Operation Peace Spring

Turkey denies use of chemical weapons in anti-terror op

Turkish Armed Forces denies use of chemical weapons in northern Syria as Turkey does not have any chemical weapons

Selma Kasap, Merve Yildizalp, Sefa Sahin   | 21.10.2019
Turkey denies use of chemical weapons in anti-terror op


The Turkish Armed Forces (TSK) on Monday denied use of chemical weapons in its anti-terror operation in northern Syria.

During Operation Peace Spring pro-terrorist accounts have carried out smear campaigns, claiming that Turkey has been using chemical weapons although the TSK does not have any in its inventory.

Turkey on Oct. 9 launched Operation Peace Spring to eliminate terrorists from northern Syria in order to secure Turkey's borders, aid in the safe return of Syrian refugees and ensure Syria's territorial integrity.

Turkish Defense Minister Hulusi Akar stressed that Turkey does not have any bit of chemical weapons, so there is also no means of disposal or ammunition. 

The foreign press makes baseless allegations to cast shadow on the success of the operation, said Akar.

Akar noted that those foreign media organizations and internet websites come up with those fake news with unreal photos and claim that Turkish army used white phosphorus bombs.

Dr.

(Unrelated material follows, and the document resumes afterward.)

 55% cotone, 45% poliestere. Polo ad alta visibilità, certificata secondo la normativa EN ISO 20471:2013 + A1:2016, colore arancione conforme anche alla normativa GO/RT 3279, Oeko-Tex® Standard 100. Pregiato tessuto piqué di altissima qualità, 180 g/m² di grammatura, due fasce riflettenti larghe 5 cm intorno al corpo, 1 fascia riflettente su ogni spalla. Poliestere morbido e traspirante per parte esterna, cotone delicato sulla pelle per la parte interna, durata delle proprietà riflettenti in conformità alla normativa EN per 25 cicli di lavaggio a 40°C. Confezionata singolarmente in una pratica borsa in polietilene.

Levent Kenar, professor and chair of Department of Medical Chemical, Biological, Radiological and Nuclear (CBRN) Defense at University of Health Sciences in Turkey's capital Ankara, evaluated claims on TSK's use of chemical weapons.

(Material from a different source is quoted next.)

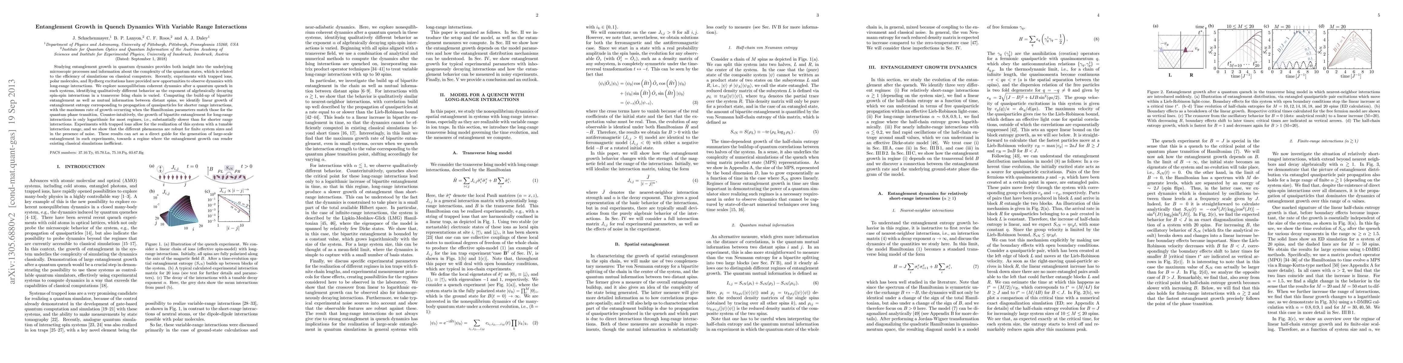 This paper investigates the growth of entanglement in quantum systems with variable range interactions following a quantum quench, revealing that entanglement growth is linear for short-range interactions but only logarithmic for long-range interactions, despite the latter's stronger interactions. The findings suggest that tunable interaction systems, like those in trapped ions, can efficiently generate large-scale entanglement.

"Chemical weapons are also weapons of mass destruction," said Kenar.

"It is not possible to affect only one person, the body of the child appearing on the photo is affected but there seems to be no effect on the face," he stressed.

"It is unclear where and when the wounded child's photo was taken, but it looks like the wounds are from an old burn," Kenar added.

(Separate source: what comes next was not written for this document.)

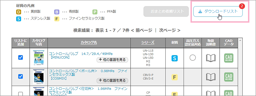 検索結果一覧左「リストに追加」のチェックボックスからご希望のデータを複数選択してください。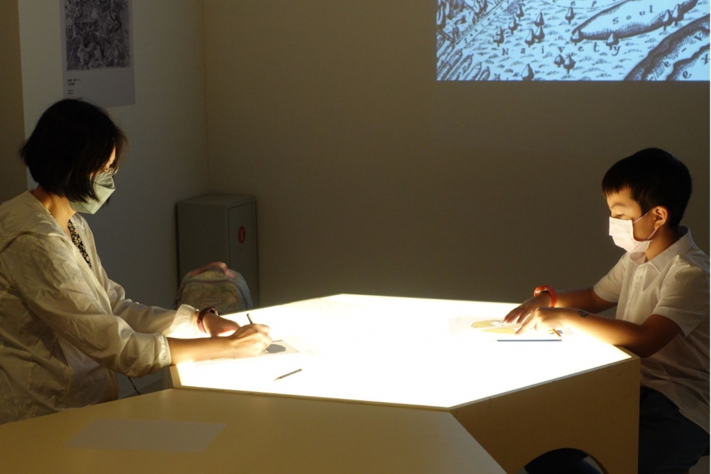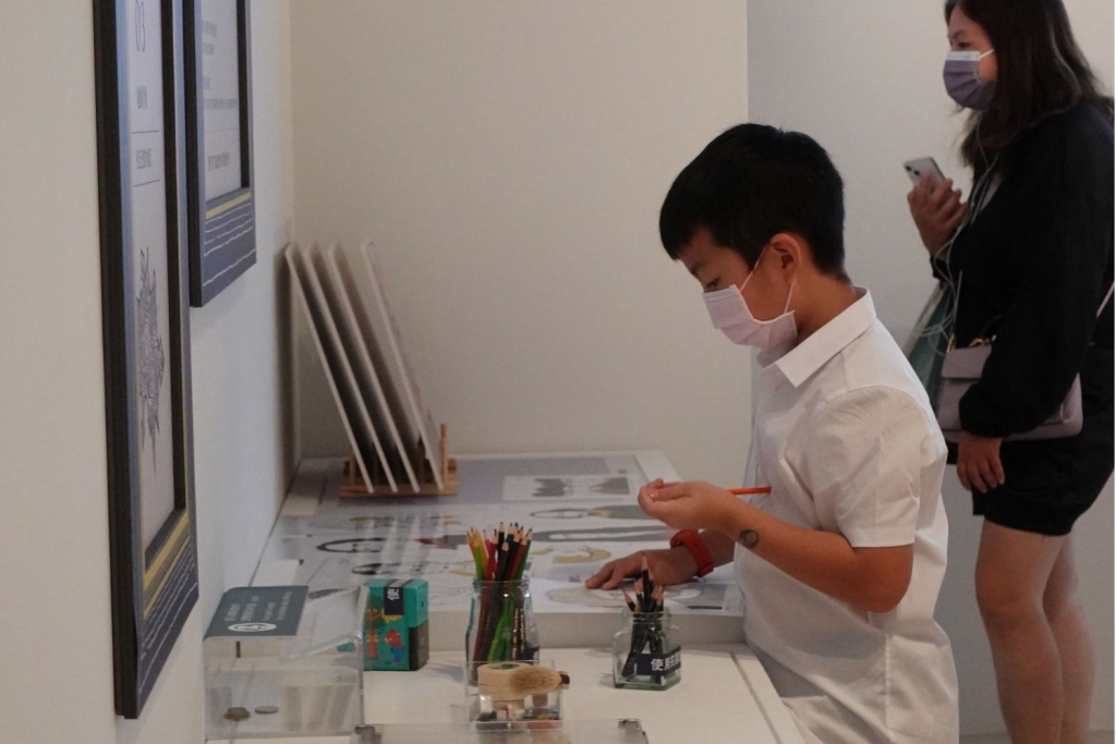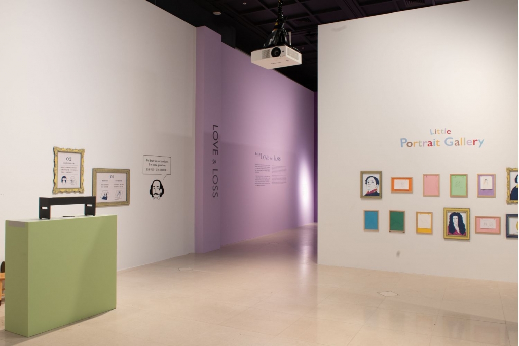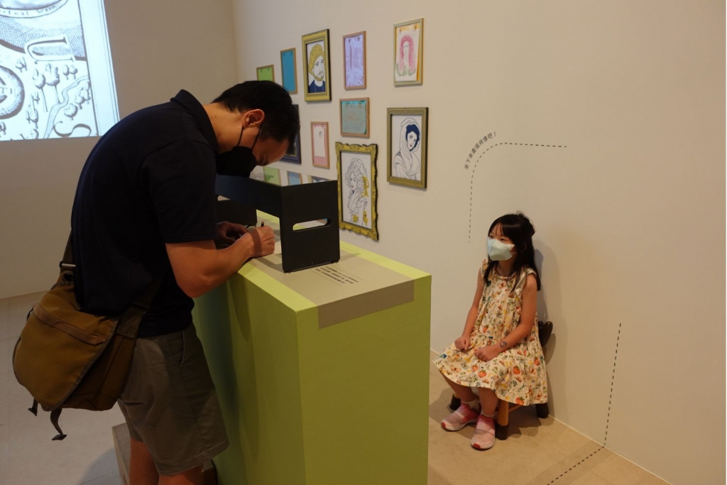 展區中間規劃的互動區,邀請民眾化身藝術家進行肖像創作,完成的作品可以展示在迷你肖像藝廊,形成展覽的另一道風景。

Kenar emphasized that Turkey is party to the Convention on the Prohibition of the Development, Production, Stockpiling and Use of Chemical Weapons and on their Destruction (CWC)," which is why their use by Turkey is out of question.

"There is no diagnosis of the use of chemical weapons on a body with burn marks," he said.

"For evidence of such a claim, blood tests and environmental samples must be taken and examined at laboratories as those would be scientific facts," Kenar said.

Uygar Halis Tazebay, a specialist of molecular biology, genetics and CBRN at Gebze Technical University in Turkey's northwest Kocaeli province, said chemical weapons production in Turkey is out of question and only defense systems for the purpose of identifying the use of chemical weapons are being developed.

"So if a region, soil or field is subject to a chemical, we can identify if it is affected or not, or if a person is affected by it, so only these systems are being developed," Tazebay said.

"Photography is one of the most easily manipulated elements in the world," he added.

"The claim of chemical weapons cannot be brought up by a photo, rather a laboratory analysis is required," he stressed.